Surrey’s 2050 community plan projects 1 million residents
Metro Vancouver will review the “future-looking document” following city council’s approval
The City of Surrey's 2050 community plan has about 200 policies, which is around 400 less than the existing framework. (Sukhmani Sandhu/Canva)

Where will Surrey be in 30 years? The City of Surrey’s draft community plan sets the blueprint for the future.
Surrey 2050 projects one million residents by 2050, making it B.C.’s most-populated city. The draft plan, released in late February, is an update to the existing official community plan, PlanSurrey 2013. It highlights growth and development for the city, with policies on housing affordability, climate change, and transportation.
Metro Vancouver adopted its regional growth strategy, Metro 2050, in February 2023.
“Municipalities are required to update their community plans once the Metro Vancouver regional growth strategy is adopted … and align with the regional growth strategies,” says Preet Heer, the city’s community planning and sustainability director.
With the regional strategy, provincial legislation was amended to include housing needs reports, which require municipalities to update official community plans to reflect those changes. The draft plan must be adopted by June, as per the provincial legislation.
Five priorities are highlighted in Surrey 2025: housing for all, a vibrant downtown, a thriving economy, livable neighbourhoods, and a healthy natural environment.
Heer says the plan’s development included more than 300,000 public interactions.

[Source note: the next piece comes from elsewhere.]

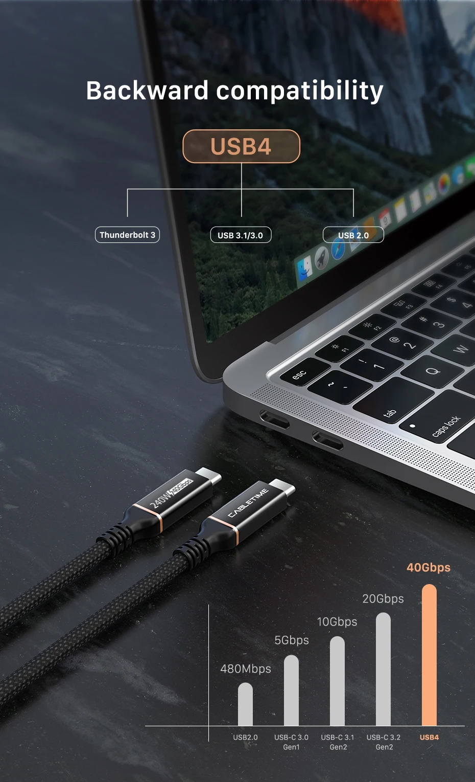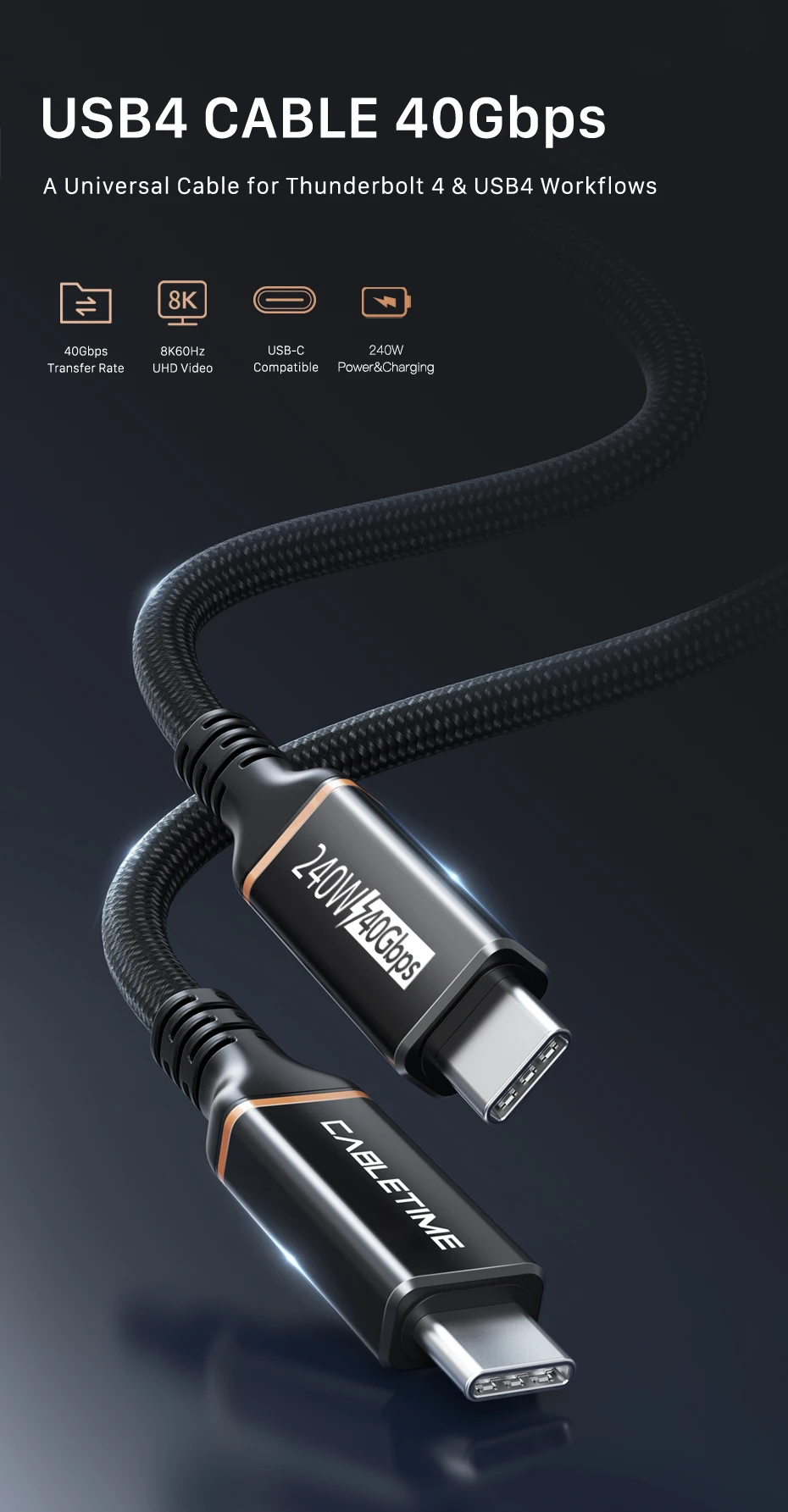 El cable CABLETIME USB 4 admite la transferencia de datos de hasta 40 Gbps y carga hasta 240 W, 8 veces más rápido que los cables USB-C estándar.Todo totalmente compatible con USB-C.
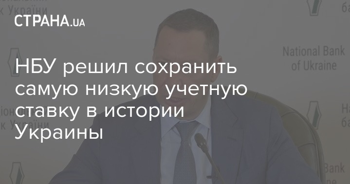В правлении Национального банка Украины приняли решение сохранить учетную ставку на уровне 6% годовых с 24 июля 2020 года, что является самым низким ее уровнем за всю историю независимой Украины.

“We really wanted to understand what had changed since the last update,” Heer says. “We started honing in on a theme about where we have gaps within our current policy structure or land-use framework, and use the guiding vision we got from the community and other stakeholders to help shape some of those policies.”
Despite the public engagement figures, some residents said they were not consulted nor informed.
“We did not have any consultation with regard to 365 pages worth of documents, that affects our traditional territory shared with other coastal First Nations,” Semiahmoo First Nation band coun. Joanne Charles said at a March 9 public hearing, the Surrey Now-Leader reported.
Heer says while the plan is a high-level guide that influences city regulations and policies, it does not result in immediate change for the community.
“[The plan] is really providing a guiding framework from which other things and other actions and strategies will evolve,” Heer says.
The existing plan has more than 600 policies, while Surrey 2050 has about 200. Heer says cutting policies was not about having “less guidance,” but removing redundancies from PlanSurrey 2013.
“I would describe it as making sure what’s in there really has a purpose,” she says.
New policies were also added, including for housing and climate change. PlanSurrey 2013 never had a dedicated housing chapter.
“We were trying to address the whole spectrum of housing, from non-market [and] affordable to market housing,” Heer says. “We’re looking at all the components of that, including rental and rental redevelopment.”
The Surrey 2050 draft was approved by Surrey city council following the public hearing and will be reviewed by the Metro Vancouver board. Couns. Mandeep Nagra and Linda Annis voted against it.
“[Metro Vancouver] reviews it with an eye for looking at how it aligns the regional growth strategy — they call that the regional context statement,” Heer says.
While the plan has not been adopted yet, Heer hopes the framework will guide Surrey’s future growth.
“We really wrote this as a future-looking document, because we know the city is going to reach a population of one million pretty soon. We wanted to make sure this document responded to how we’re going to manage that growth.”